= EXTRACTED RECORDS =
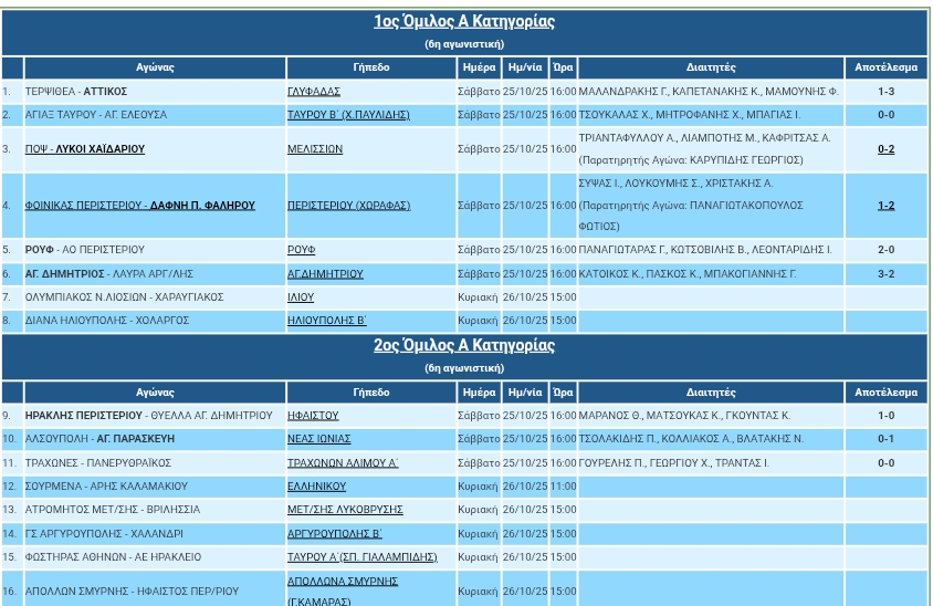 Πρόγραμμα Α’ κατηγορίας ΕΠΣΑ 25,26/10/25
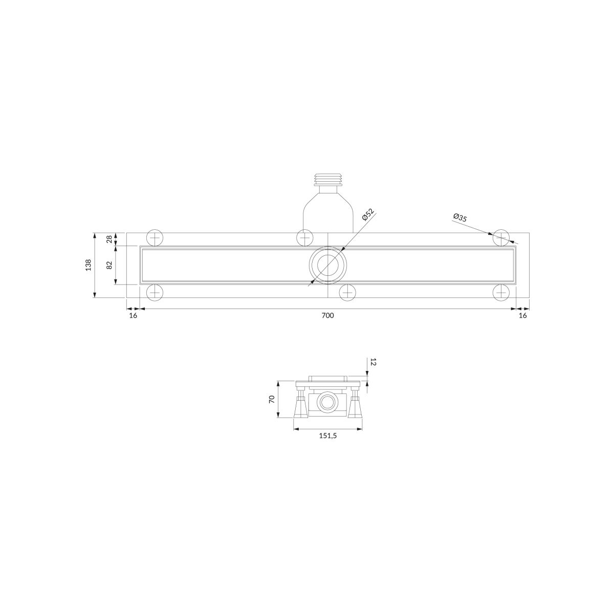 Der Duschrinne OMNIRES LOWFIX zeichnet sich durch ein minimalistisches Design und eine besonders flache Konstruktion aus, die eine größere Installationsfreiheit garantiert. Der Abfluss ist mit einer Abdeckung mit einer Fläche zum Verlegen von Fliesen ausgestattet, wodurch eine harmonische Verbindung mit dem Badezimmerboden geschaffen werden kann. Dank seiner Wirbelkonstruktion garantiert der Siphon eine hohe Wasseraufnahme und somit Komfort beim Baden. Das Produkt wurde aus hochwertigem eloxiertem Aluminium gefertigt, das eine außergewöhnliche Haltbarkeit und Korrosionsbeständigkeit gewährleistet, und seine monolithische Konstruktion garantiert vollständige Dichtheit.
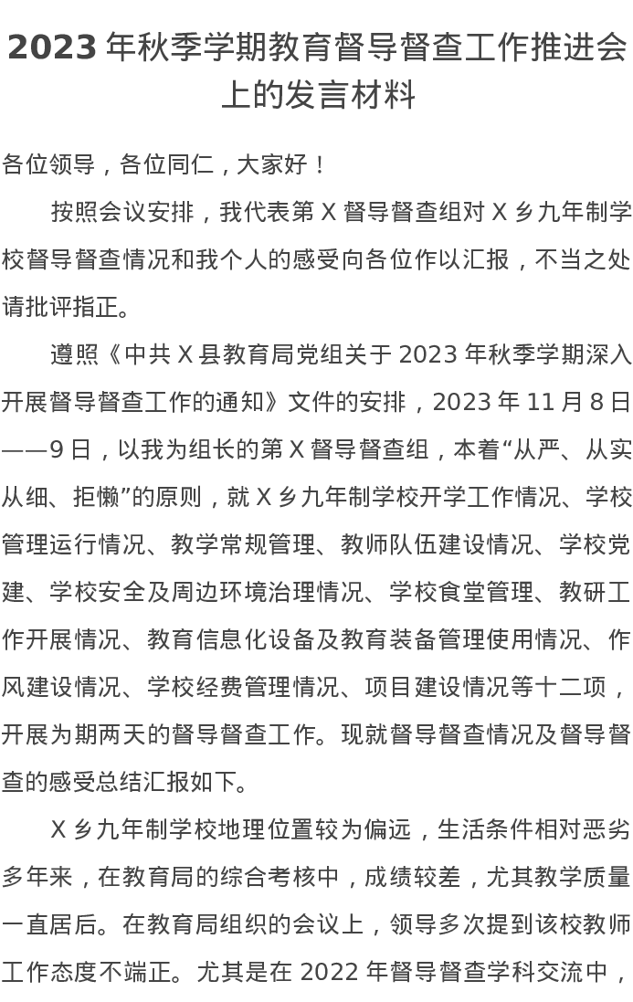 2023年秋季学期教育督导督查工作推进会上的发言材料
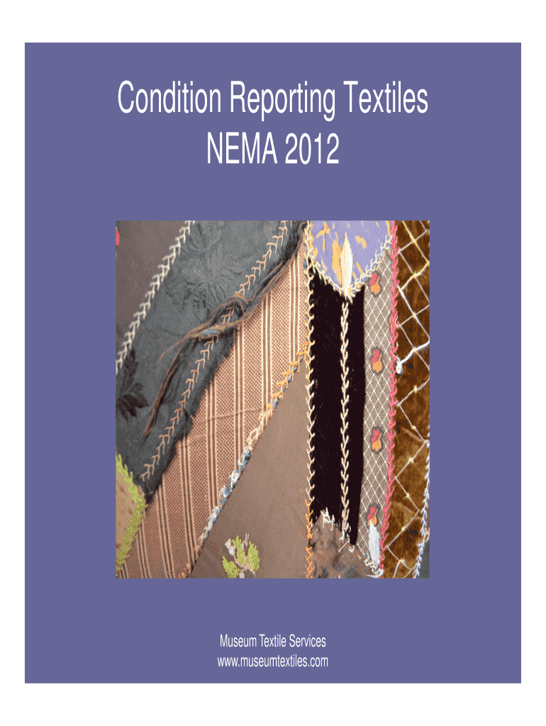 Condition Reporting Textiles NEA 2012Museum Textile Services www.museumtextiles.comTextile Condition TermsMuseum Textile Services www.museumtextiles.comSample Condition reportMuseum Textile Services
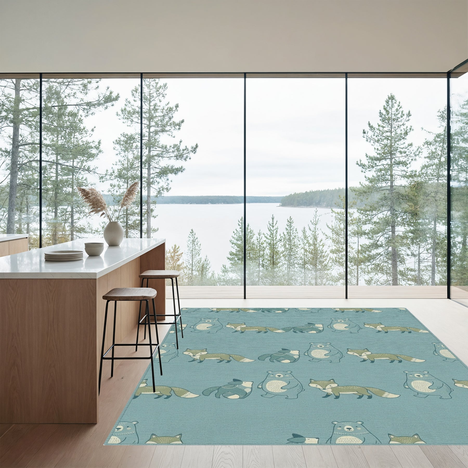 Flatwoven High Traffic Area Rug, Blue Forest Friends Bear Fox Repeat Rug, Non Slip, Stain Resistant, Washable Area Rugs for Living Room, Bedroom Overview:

= REQUIRED ACTION =
Copy every line of the data exactly as written, excluding the pictures.

= YOUR SOLUTION =
 Πρόγραμμα Α’ κατηγορίας ΕΠΣΑ 25,26/10/25
 Der Duschrinne OMNIRES LOWFIX zeichnet sich durch ein minimalistisches Design und eine besonders flache Konstruktion aus, die eine größere Installationsfreiheit garantiert. Der Abfluss ist mit einer Abdeckung mit einer Fläche zum Verlegen von Fliesen ausgestattet, wodurch eine harmonische Verbindung mit dem Badezimmerboden geschaffen werden kann. Dank seiner Wirbelkonstruktion garantiert der Siphon eine hohe Wasseraufnahme und somit Komfort beim Baden. Das Produkt wurde aus hochwertigem eloxiertem Aluminium gefertigt, das eine außergewöhnliche Haltbarkeit und Korrosionsbeständigkeit gewährleistet, und seine monolithische Konstruktion garantiert vollständige Dichtheit.
 2023年秋季学期教育督导督查工作推进会上的发言材料
 Condition Reporting Textiles NEA 2012Museum Textile Services www.museumtextiles.comTextile Condition TermsMuseum Textile Services www.museumtextiles.comSample Condition reportMuseum Textile Services
 Flatwoven High Traffic Area Rug, Blue Forest Friends Bear Fox Repeat Rug, Non Slip, Stain Resistant, Washable Area Rugs for Living Room, Bedroom Overview:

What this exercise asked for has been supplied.